### EXERCISE
Using only the entries below, copy exactly the lines that begin at the one with "Write About It" and end at the one with "nový nádstavkový úľ.", both included. Drop the pictures.

### AVAILABLE DATA
-=-=-
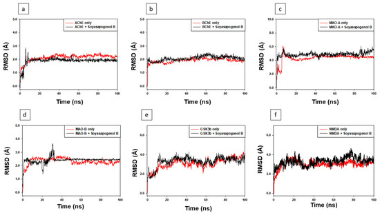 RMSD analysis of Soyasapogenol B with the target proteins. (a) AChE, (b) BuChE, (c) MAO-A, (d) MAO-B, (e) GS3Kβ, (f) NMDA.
-=-=-
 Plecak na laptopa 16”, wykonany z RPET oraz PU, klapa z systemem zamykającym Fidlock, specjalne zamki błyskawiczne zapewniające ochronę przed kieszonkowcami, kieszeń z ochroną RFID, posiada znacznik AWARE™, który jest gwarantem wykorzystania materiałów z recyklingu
-=-=-
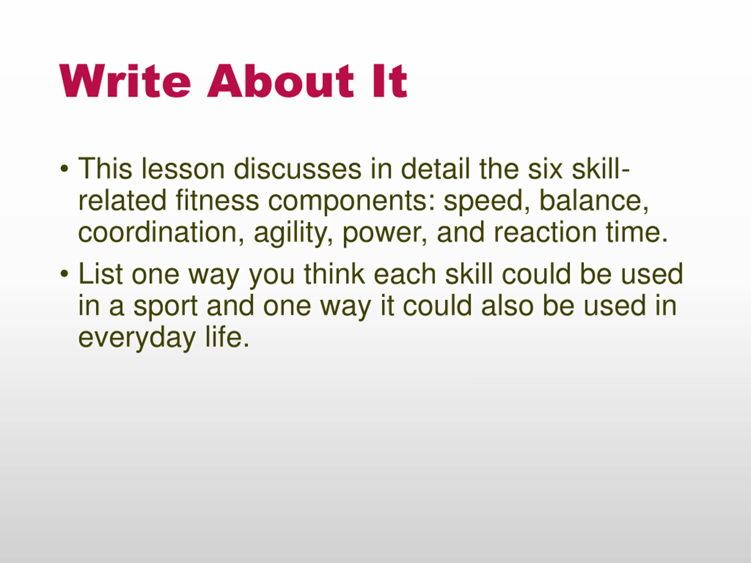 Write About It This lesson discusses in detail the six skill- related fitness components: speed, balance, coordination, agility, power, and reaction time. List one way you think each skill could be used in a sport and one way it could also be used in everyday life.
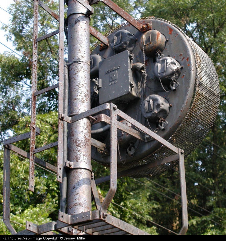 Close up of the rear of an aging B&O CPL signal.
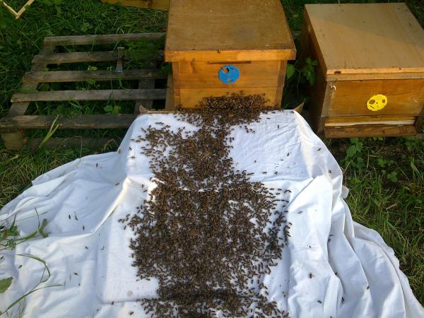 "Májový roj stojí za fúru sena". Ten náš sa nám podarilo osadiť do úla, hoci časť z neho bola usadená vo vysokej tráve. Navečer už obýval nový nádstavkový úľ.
-=-=-
### SOLUTION TO THIS EXERCISE
 Write About It This lesson discusses in detail the six skill- related fitness components: speed, balance, coordination, agility, power, and reaction time. List one way you think each skill could be used in a sport and one way it could also be used in everyday life.
 Close up of the rear of an aging B&O CPL signal.
 "Májový roj stojí za fúru sena". Ten náš sa nám podarilo osadiť do úla, hoci časť z neho bola usadená vo vysokej tráve. Navečer už obýval nový nádstavkový úľ.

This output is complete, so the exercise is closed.